» **Records to process**:

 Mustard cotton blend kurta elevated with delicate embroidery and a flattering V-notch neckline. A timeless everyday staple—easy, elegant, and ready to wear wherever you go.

==

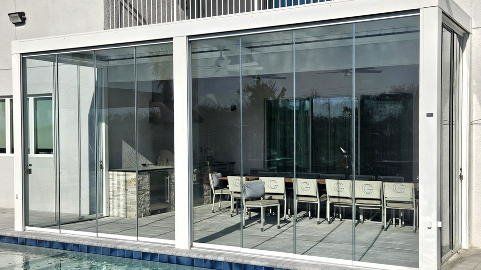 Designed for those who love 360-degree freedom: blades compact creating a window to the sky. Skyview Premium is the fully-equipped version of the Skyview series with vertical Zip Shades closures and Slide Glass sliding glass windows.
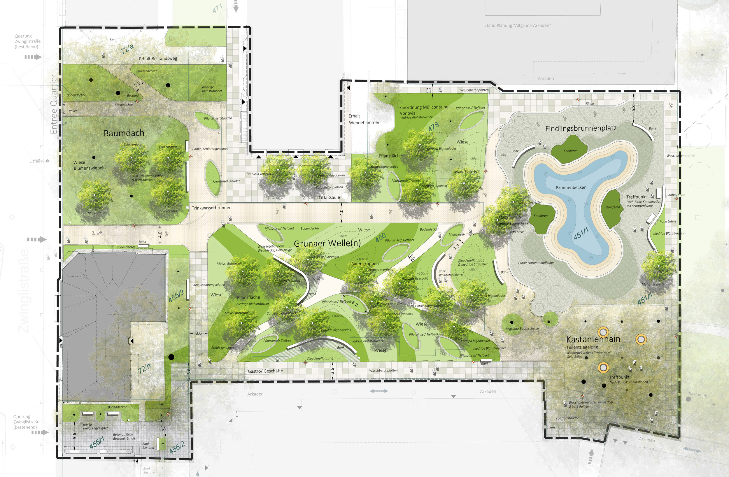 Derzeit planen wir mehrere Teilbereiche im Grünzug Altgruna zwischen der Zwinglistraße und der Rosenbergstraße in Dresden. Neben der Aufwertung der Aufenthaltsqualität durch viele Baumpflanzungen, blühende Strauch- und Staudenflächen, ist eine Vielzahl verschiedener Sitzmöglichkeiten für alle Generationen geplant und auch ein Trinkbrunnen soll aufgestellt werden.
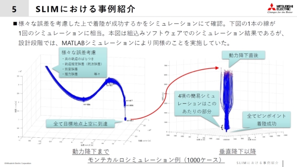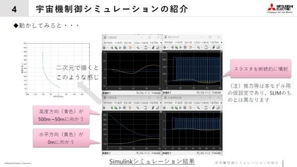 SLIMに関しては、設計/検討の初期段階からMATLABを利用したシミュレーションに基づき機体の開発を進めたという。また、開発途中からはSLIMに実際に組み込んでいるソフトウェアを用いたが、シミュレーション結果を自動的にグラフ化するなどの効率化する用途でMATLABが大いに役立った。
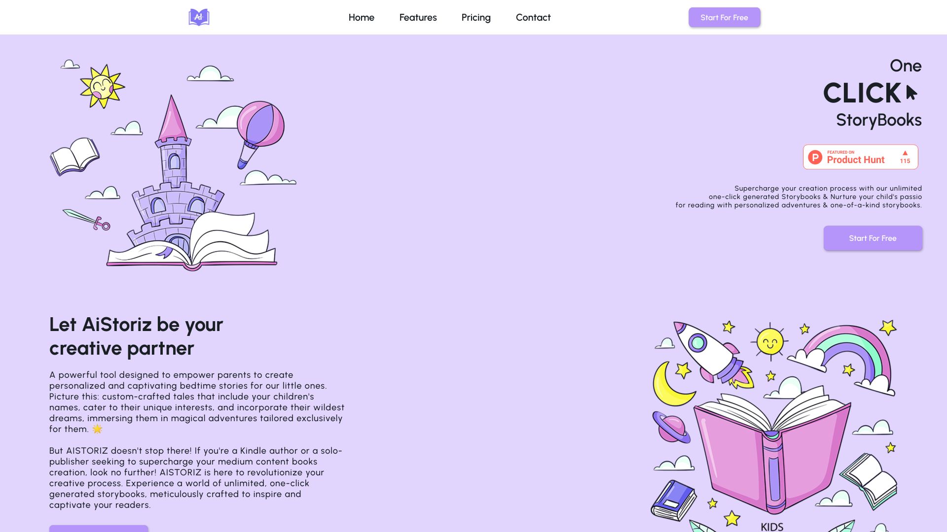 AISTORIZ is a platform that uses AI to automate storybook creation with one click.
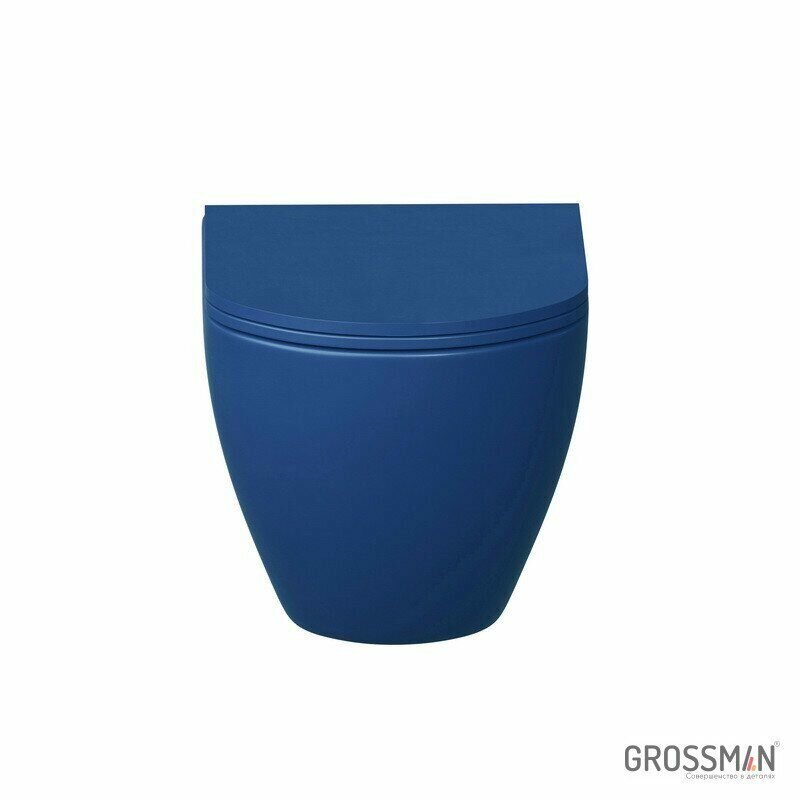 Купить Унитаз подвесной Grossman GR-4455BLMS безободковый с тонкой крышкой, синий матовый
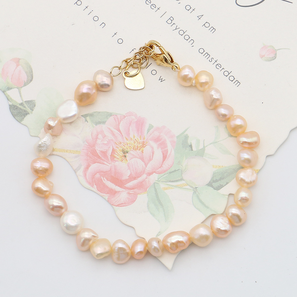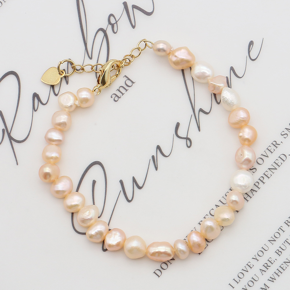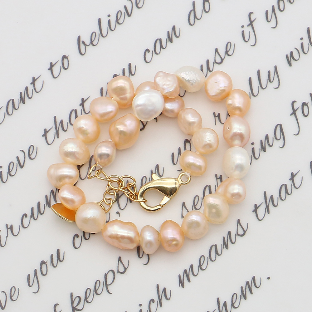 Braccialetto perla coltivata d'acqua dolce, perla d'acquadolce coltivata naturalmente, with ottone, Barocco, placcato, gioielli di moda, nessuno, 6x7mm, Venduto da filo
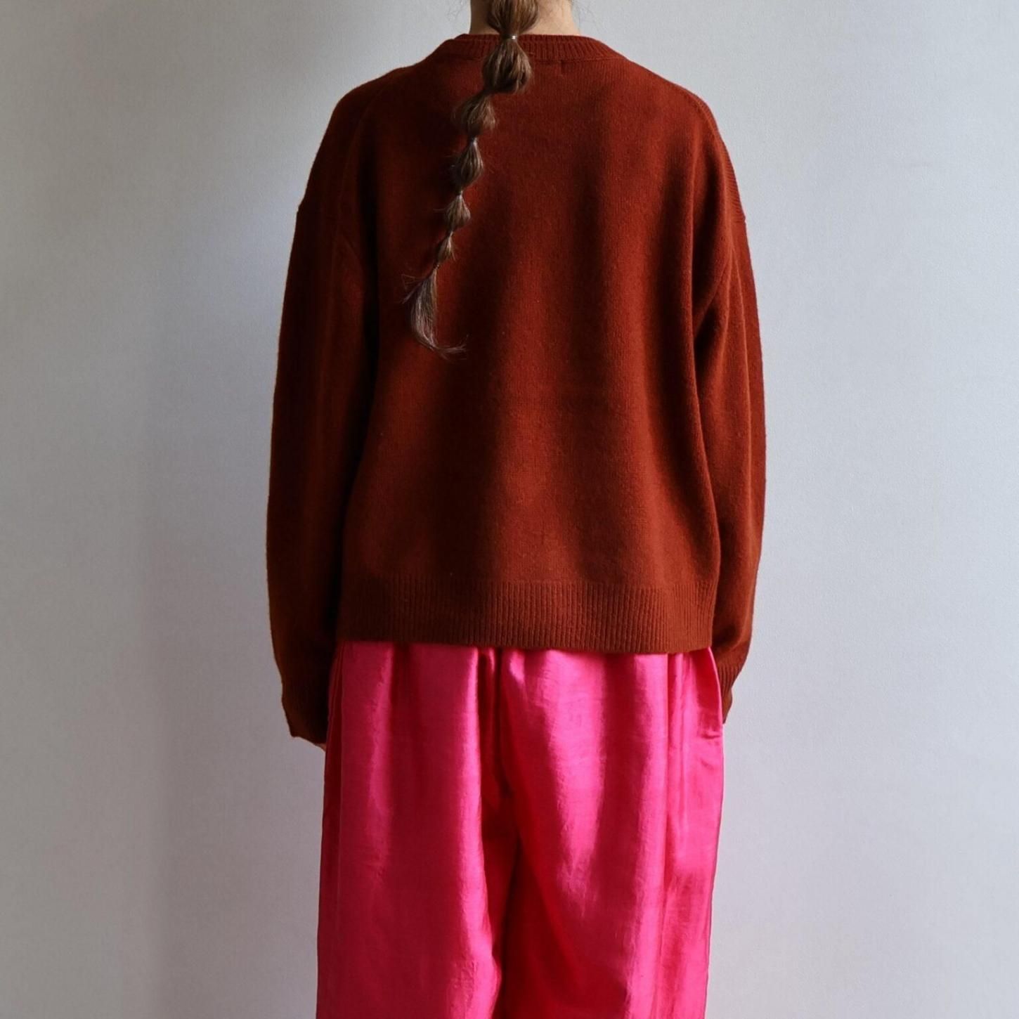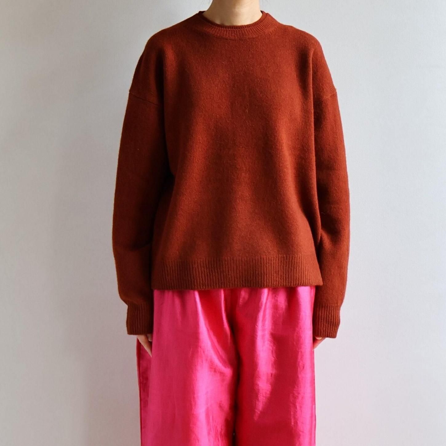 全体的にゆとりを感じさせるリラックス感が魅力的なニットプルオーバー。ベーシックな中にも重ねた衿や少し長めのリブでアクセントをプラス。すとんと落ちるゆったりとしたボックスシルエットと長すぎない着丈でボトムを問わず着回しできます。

» **Task**: Write out word for word the lines above that run from the one with "Derzeit planen wir" to the one with "AISTORIZ is a". Include both end lines; exclude the images.

» **Answer box**:
 Derzeit planen wir mehrere Teilbereiche im Grünzug Altgruna zwischen der Zwinglistraße und der Rosenbergstraße in Dresden. Neben der Aufwertung der Aufenthaltsqualität durch viele Baumpflanzungen, blühende Strauch- und Staudenflächen, ist eine Vielzahl verschiedener Sitzmöglichkeiten für alle Generationen geplant und auch ein Trinkbrunnen soll aufgestellt werden.
 SLIMに関しては、設計/検討の初期段階からMATLABを利用したシミュレーションに基づき機体の開発を進めたという。また、開発途中からはSLIMに実際に組み込んでいるソフトウェアを用いたが、シミュレーション結果を自動的にグラフ化するなどの効率化する用途でMATLABが大いに役立った。
 AISTORIZ is a platform that uses AI to automate storybook creation with one click.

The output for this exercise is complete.